1967 Haziran Savaşı’na kadar Doğu Kudüs, Ürdün’ün denetimindeydi. İsrail işgal yönetimi “Altı Gün Savaşı” olarak da anılan 1967 Haziran Savaşı’nda Arap yönetimlerin ihanetleri sayesinde Doğu Kudüs’ü de işgal etmeyi başarmış ve böylece şehrin her iki yakasını birden hakimiyetine almıştır. Aslında İsrail işgal güçleri 5 Haziran 1967’de Mısır’a saldırıya geçtiğinde doğudaki Arap ülkeleri İsrail’e yönelik bir saldırı başlatsalardı işgal yönetiminin kıpırdanma imkanı bile kalmazdı. Ancak böyle bir şey olmayınca işgal yönetimi önce Mısır’a saldırarak Gazze bölgesini ve Sina yarımadasını işgal etti. Daha sonra Ürdün ve Suriye tarafına yönelerek Batı Yaka, Doğu Kudüs ve Golan Tepeleri’ni işgal etti. Bu yerlerin savunulmasında ciddi bir direniş gösterilmediği ve siyonist işgalcilerin çok rahat hareket etme imkanı buldukları 1967 Haziran savaşına şahid olanların hatıratlarında dile getirilmektedir.

Bütün bu tarihi gerçekler ortaya koyuyor ki, Kudüs işin gerçeğinde, siyonistler tarafından işgal edilmemiş, Müslümanların başına musallat edilen uzaktan kumandalı birtakım yönetimler tarafından onlara teslim edilmiştir. Tıpkı 1243’de Mısır hükümdarı İsa’nın, bu kutsal şehri bazı küçük yardımlar karşılığında Bizans imparatoruna hediye ettiği gibi. Ancak Müslümanları demir yumruk altında tutmaya çalışan bu yönetimlerin ihanetleri Kudüs’ün siyonist işgalcilere hediye edilmesiyle son bulmamış daha sonra da devam etmiştir.

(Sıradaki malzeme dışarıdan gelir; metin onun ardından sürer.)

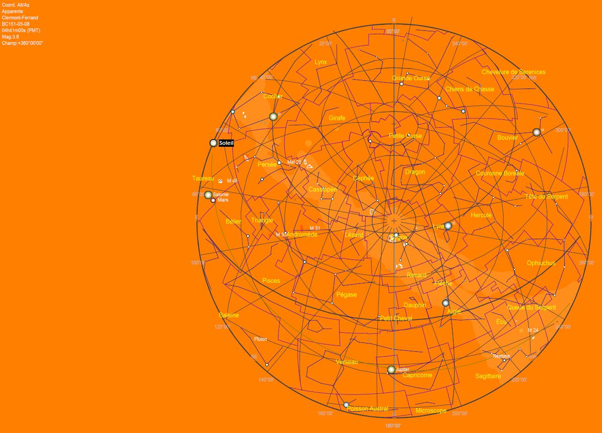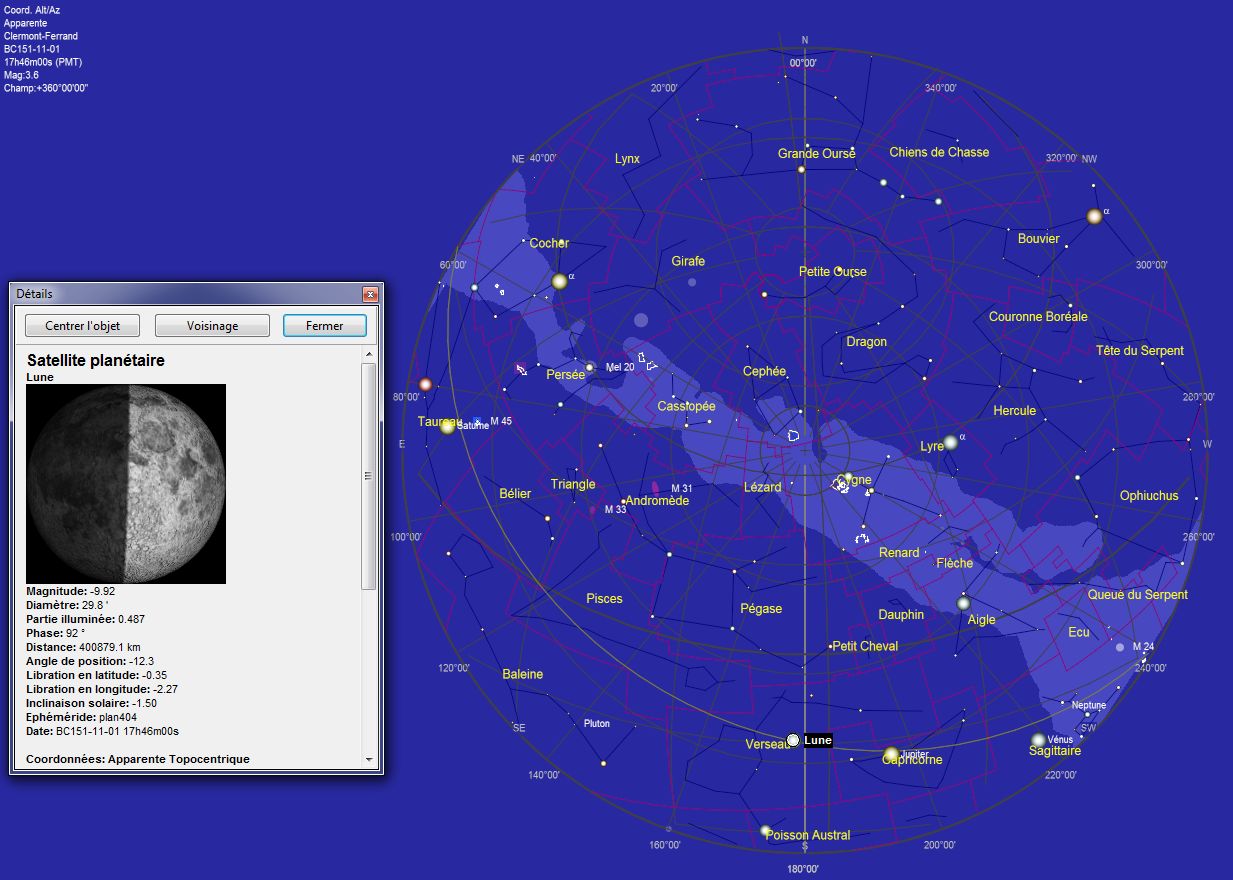 Re: Le sanctuaire Arverne de Corent et l’Astronomie ?Voici une autre simulation du ciel grâce au logiciel "Carte du Ciel / SkyChart", pour l’occurrence du 30/10/-150 . L'auteur du logiciel (Patrick Chevalley) a gentiment amélioré la précision des calculs pour l'antiquité suite à plusieurs échanges avec moi cette dernière semaine (modèle de précession valable sur 200.000 ans selon une méthode publiée en août dernier par le SYRTE-Observatoire de Paris, meilleure approximation de la quantité DeltaT=TT-UT1 irrégularités de rotation de la Terre).
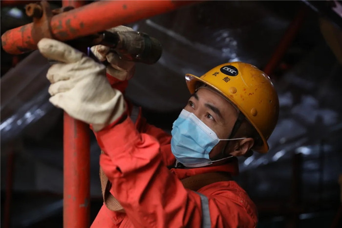 ▲21:30,某產(chǎn)品機(jī)艙里,年輕管工師傅艱難地爬進(jìn)狹縫里,準(zhǔn)備焊接管件
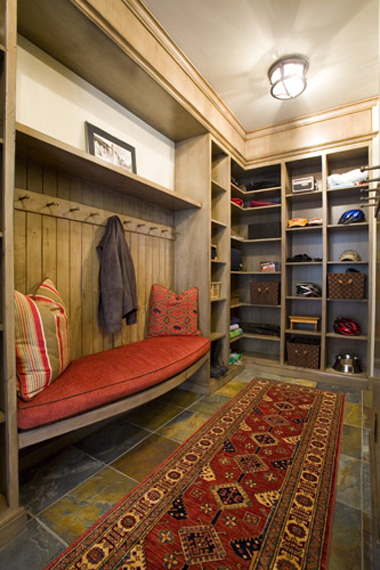 Mudrooms can be minimalist with just the basics like the one (above left) created by Miles Redd, or can be an extension of a home's decor as in the personalized space designed by Kalu Interiors (above right).
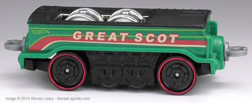 | W4418 | Great Scot | Green | HW logo, "Great Scot" text, Red & White Stripe on car, "1472" text, Red & White Stripe on engine. | Black | Chrome | Black w/ red chrome rim | |
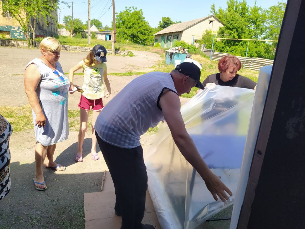 Сегодня, 3 июня, администрацией Старобешевского района жителям поселка Ольгинка выдана пленка для временного закрытия теплового контура (окон) частных жилых домов, полученная от Министерства строительства и жилищно-коммунального хозяйства Донецкой Народной Республики.
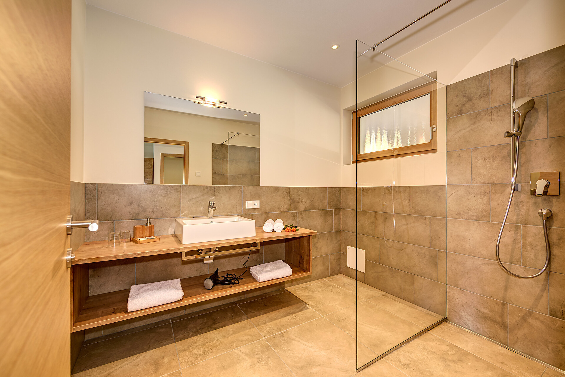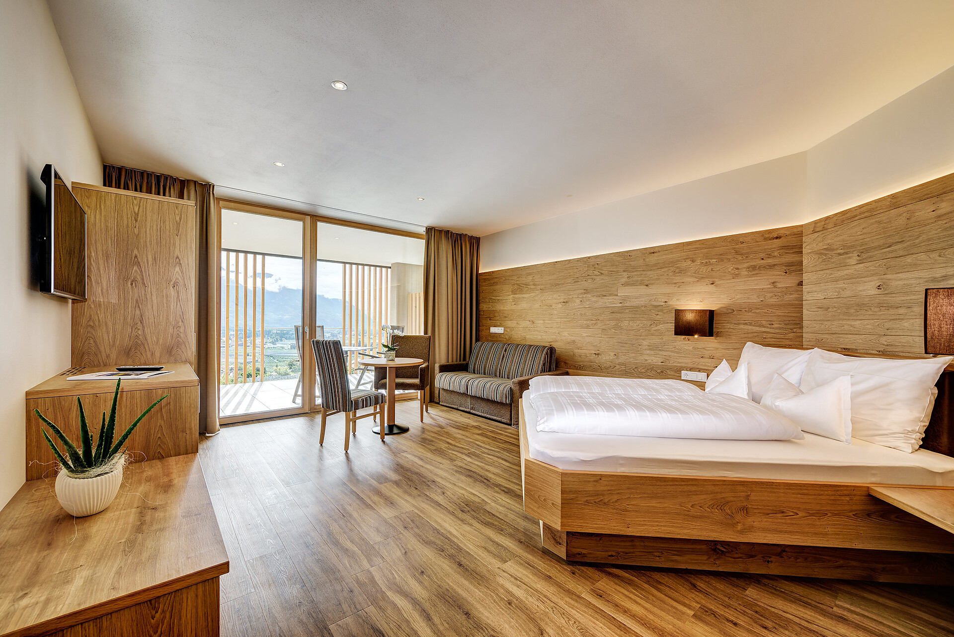 Die edle Ausstattung in warmen Naturtönen bietet ein angenehmes Ambiente, das zum Entspannen und Abschalten einlädt.
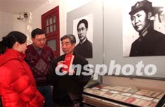 為紀念毛澤東誕辰109周年,收藏家奚景鵬先生《毛澤東著作早期版本收藏展》一月正在北京展出。674冊毛澤東著作早期版本,都是建國前出版的毛澤東選集、文集、著作單行本專著著作匯編本、等,圖為收藏家奚景鵬先生(右一)正在為參觀者講解他收藏的毛澤東著作各類版本。作者:張勤
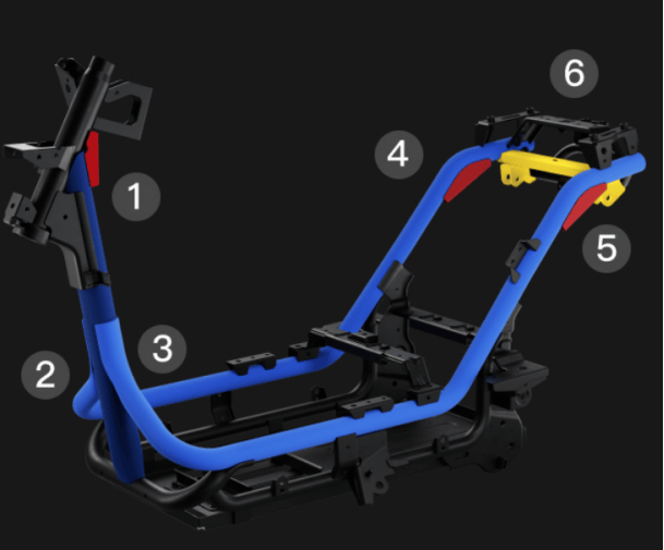 若认为小牛只注重速度而忽视安全,那就大错特错了。为了应对更强动力和复杂路况,FX风速款在车架上进行了全方位的装甲级强化。例如,车架主梁管壁厚增加至4毫米,比原来粗了2毫米,边管也加粗了1毫米,还新增了6处强化点和尾部横梁。采用“四纵五横厚三角”的稳定结构,为安全行驶提供了坚实保障。
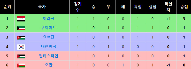 B조는 이라크, 쿠웨이트, 요르단, 대한민국, 팔레스타인, 오만 총 6개국이며 순위는 다음과 같습니다.
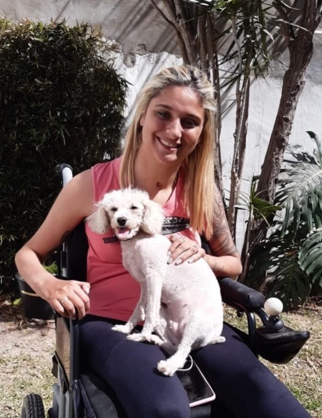 -Aquel día, un 31 de diciembre de 2010, yo estaba en la casa una amiga, tenía 14 años y quise hacer un salto mortal en el aire en una pileta pelopincho, me paré en uno de los esquinero y salté. Y cuando caí, toqué mi cuello con el piso. En ese momento, se me desplazó la médula, quedé inmóvil, bajo el agua, no podía salir. La mamá de mi amiga fue a buscarme para almorzar y vio que yo estaba sola en el fondo de la pileta, entonces llamó a Emanuel, que es el hermano de esta amiga y él me sacó de la pileta de los pelos.
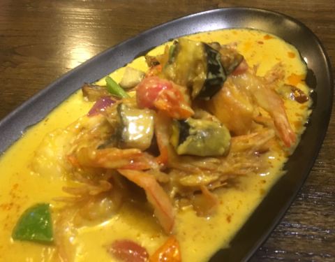 - ...香菜黄咖喱虾、黄咖喱牛肋条,黄咖喱香而不辣,适合大众口味,这两道菜都非常好吃,黄咖喱还非常下饭
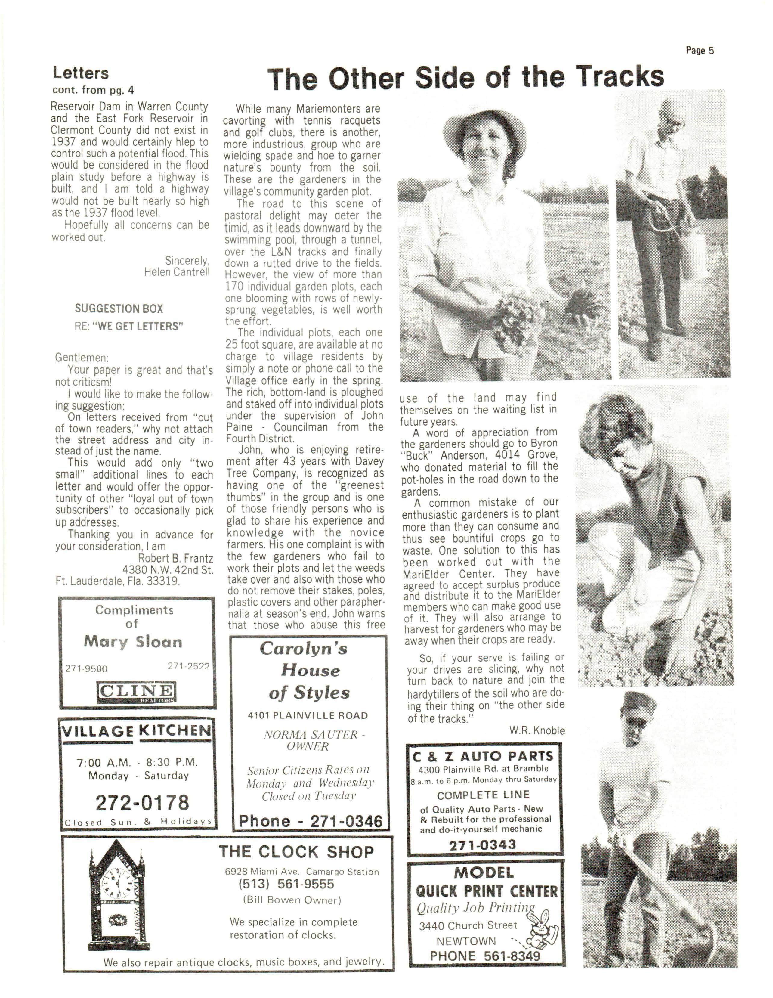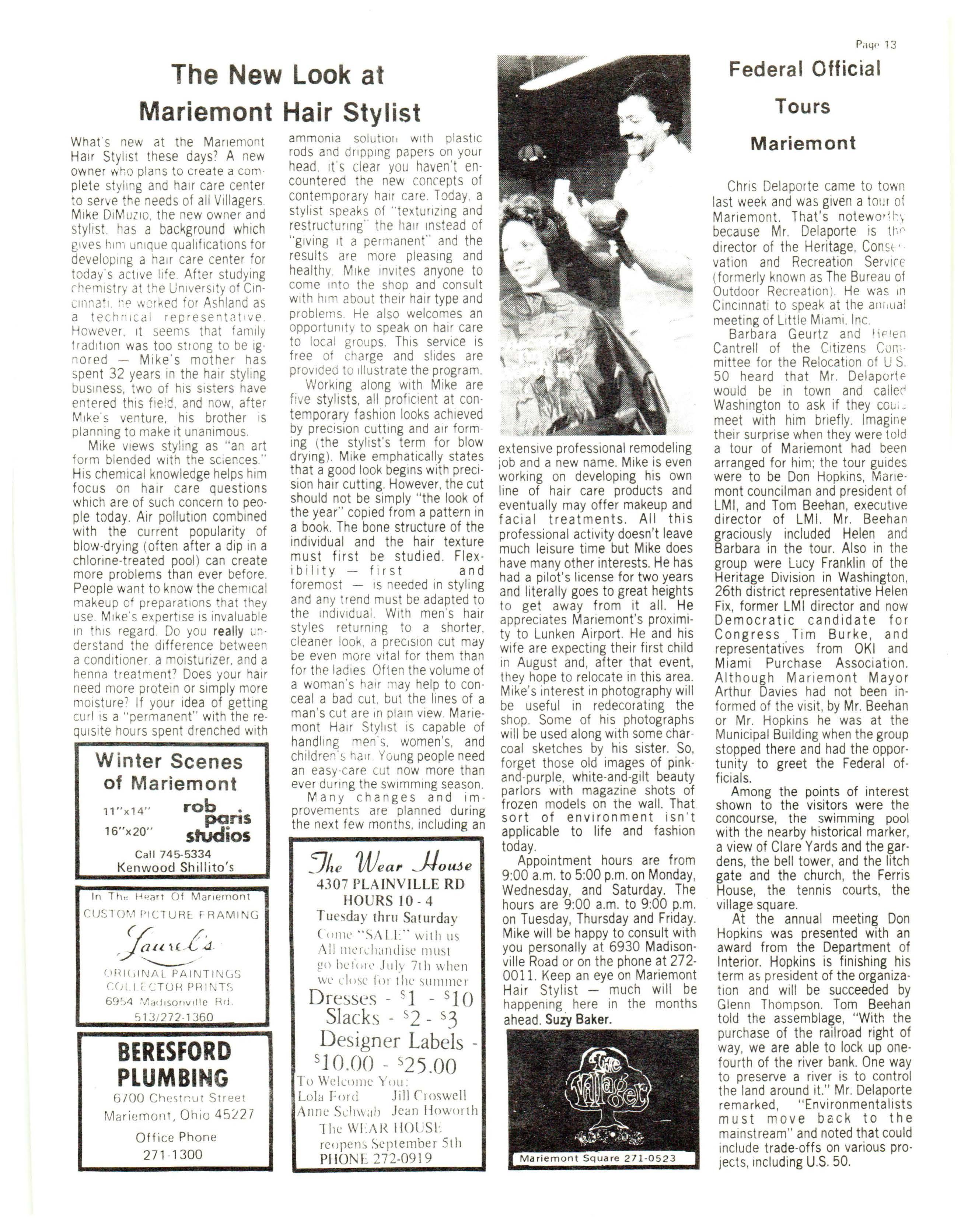 Barbara Geurtz and 1irle11 Cantrell of the Citizens Com mittee for the Relocation of U S. 50 heard that Mr. Delap orie would be in town and caller Washington to ask if they cou ; _ meet with him briefly. Imagine their surprise when they were told a tour of Mariemont had been arranged for him; the tour guides were to be Don Hopkins, Mariemont councilman and president oi LMI, and Tom Beehan , executive director of LMI. Mr. Beehan gra ciously included Helen and Barbara in the tour Also in the group were Lucy Franklin of the Heritage Division in Washington , 26 th district representative Helen Fix , former LMI director and now Democratic candidate for Congress . Tim Burke , and representatives from OKI and Miami Purchase Associat io n. Although Mariemont Mayor Arthur Davies had not been informed of the visit, by Mr. Beehan or Mr. Hopkins he was at the Municipal Bui lding when the grou p stopped t here and had the opportunity to greet the Federal officials.

Doğu Kudüs’ün “İsrail”e İlhakı

Siyonist işgal yönetimi Doğu Kudüs’ü ele geçirdikten sonra 1948’de şehrin ikiye bölünmesi için inşa edilmiş olan duvarı yıktı ve şehrin her iki tarafını birden idare edecek bir komisyon oluşturdu. Bu komisyonun başına da aşırı siyonist ve saldırgan düşünceleriyle tanınan Teddy Kollek’i getirdi. Teddy Kollek bu göreve getirilmeden önce yahudi terör örgütleriyle ortak çalışan bir silah kaçakçısıydı. İşgal yönetimi, 27 ve 28 Haziran 1967’de çıkarılan kanunlara ve kanun hükmündeki kararnamelere dayanarak Doğu Kudüs ve çevresini “İsrail toprakları”na ilhak ettiğini açıkladı. İşgal yönetimi 1967’de Doğu Kudüs belediyesini de ilga ederek, belediye başkanı Ruhi el-Hatib’i Ürdün’e sürgün etti. Belediyenin bütün tapularına, menkul ve gayri menkul mal varlıklarına da el koydu. Bu olaydan beri Kudüs’teki Müslüman halk işgal yönetiminin bütün teşviklerine rağmen belediye seçimlerinde oy kullanmamaktadır. 1987’de bazı kişiler bir Arap listesi çıkarılarak belediye seçimlerine katılınmasını teklif ettilerse de halk ve İslami örgütler bunun işgal rejiminin kutsal şehir üzerindeki sultasını kabullenme anlamına geleceğini dile getirerek teklifi reddettiler.

İşgalciler sadece Doğu Kudüs belediyesini ilga etmekle yetinmeyip bu bölgedeki bütün mahkemeleri de kapatarak bu kesimde oturan Müslüman ve hıristiyan nüfusun bütün davalarında İsrail kanunlarını esas almalarını ve İsrail mahkemelerine başvurmalarını şart koştular. Siyonist işgal yönetimi Müslümanların özel hallerle ilgili davalarına bakan şer’i mahkemeleri de kapatarak, onlardan bu gibi davalarda tamamen yahudi esaslarına göre hüküm veren Yafa (Tel Aviv) mahkemesine başvurmalarını istedi. Bunun yanı sıra Araplara ait tüm bankaları kapatarak mal varlıklarına el koydu ve Arapları banka işlemlerini İsrail bankaları kanalıyla yapmaya zorladı. İşgal yönetimi Doğu Kudüs’ü ilhak kararına bir destek olması amacıyla bu kesimde oturan Arapları da İsrail kimliği ve pasaportu almaya mecbur etti.